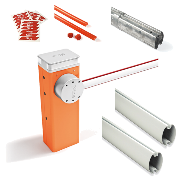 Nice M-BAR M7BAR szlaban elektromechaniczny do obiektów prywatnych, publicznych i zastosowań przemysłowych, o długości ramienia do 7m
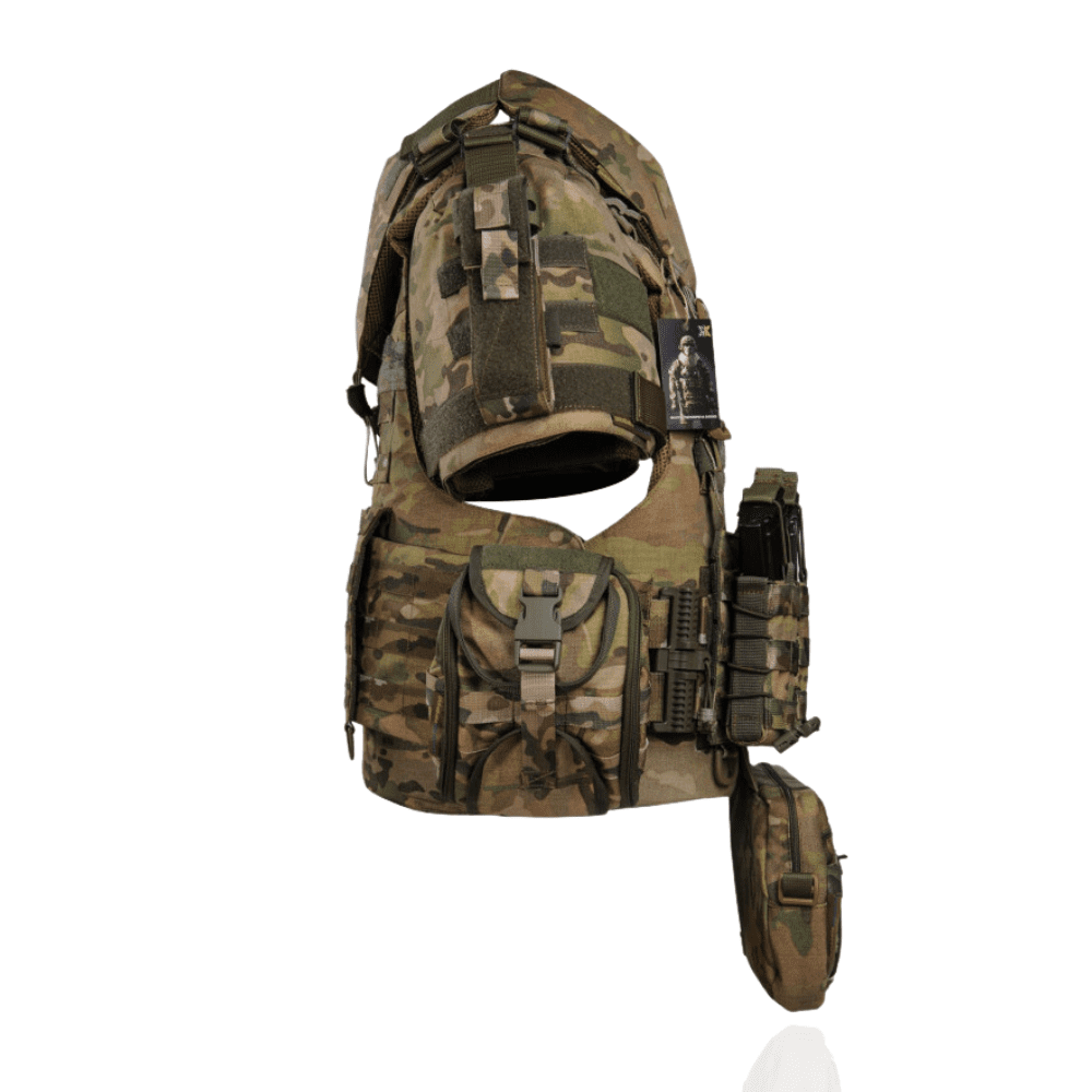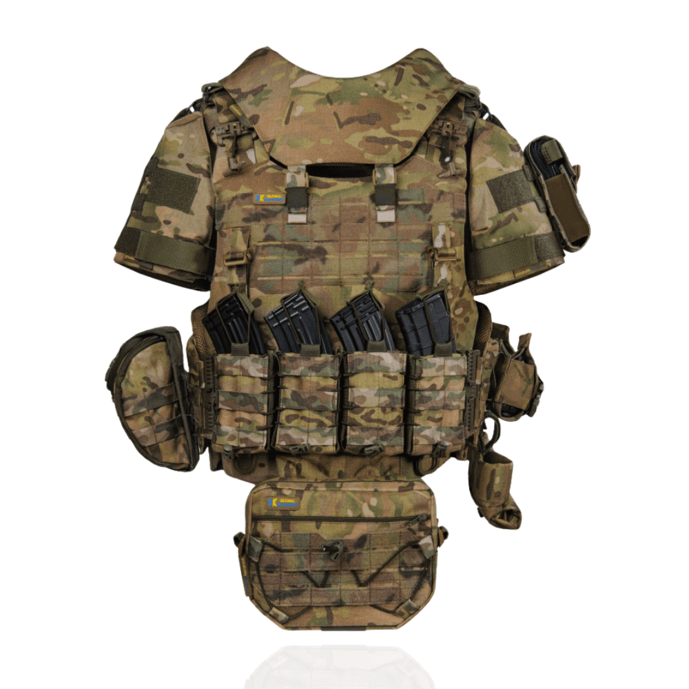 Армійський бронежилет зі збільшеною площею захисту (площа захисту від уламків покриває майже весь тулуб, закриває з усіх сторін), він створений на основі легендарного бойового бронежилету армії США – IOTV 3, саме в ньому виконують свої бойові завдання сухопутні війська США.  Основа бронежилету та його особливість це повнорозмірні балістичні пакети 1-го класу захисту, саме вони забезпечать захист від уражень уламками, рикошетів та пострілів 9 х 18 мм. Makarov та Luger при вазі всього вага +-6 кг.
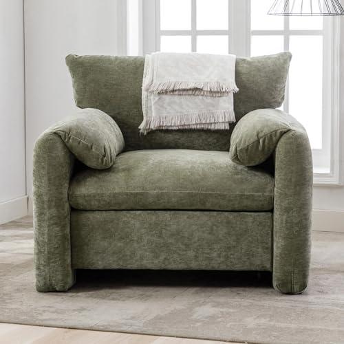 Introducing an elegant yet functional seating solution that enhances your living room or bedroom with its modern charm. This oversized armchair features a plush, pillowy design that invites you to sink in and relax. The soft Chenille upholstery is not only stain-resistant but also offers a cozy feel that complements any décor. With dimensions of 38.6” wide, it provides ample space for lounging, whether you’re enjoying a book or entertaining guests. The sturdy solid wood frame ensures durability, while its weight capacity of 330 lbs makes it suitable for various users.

*Task goal*. Drop the images and copy all the data exactly.

*Exercise output*.
 Nice M-BAR M7BAR szlaban elektromechaniczny do obiektów prywatnych, publicznych i zastosowań przemysłowych, o długości ramienia do 7m
 Армійський бронежилет зі збільшеною площею захисту (площа захисту від уламків покриває майже весь тулуб, закриває з усіх сторін), він створений на основі легендарного бойового бронежилету армії США – IOTV 3, саме в ньому виконують свої бойові завдання сухопутні війська США.  Основа бронежилету та його особливість це повнорозмірні балістичні пакети 1-го класу захисту, саме вони забезпечать захист від уражень уламками, рикошетів та пострілів 9 х 18 мм. Makarov та Luger при вазі всього вага +-6 кг.
 Introducing an elegant yet functional seating solution that enhances your living room or bedroom with its modern charm. This oversized armchair features a plush, pillowy design that invites you to sink in and relax. The soft Chenille upholstery is not only stain-resistant but also offers a cozy feel that complements any décor. With dimensions of 38.6” wide, it provides ample space for lounging, whether you’re enjoying a book or entertaining guests. The sturdy solid wood frame ensures durability, while its weight capacity of 330 lbs makes it suitable for various users.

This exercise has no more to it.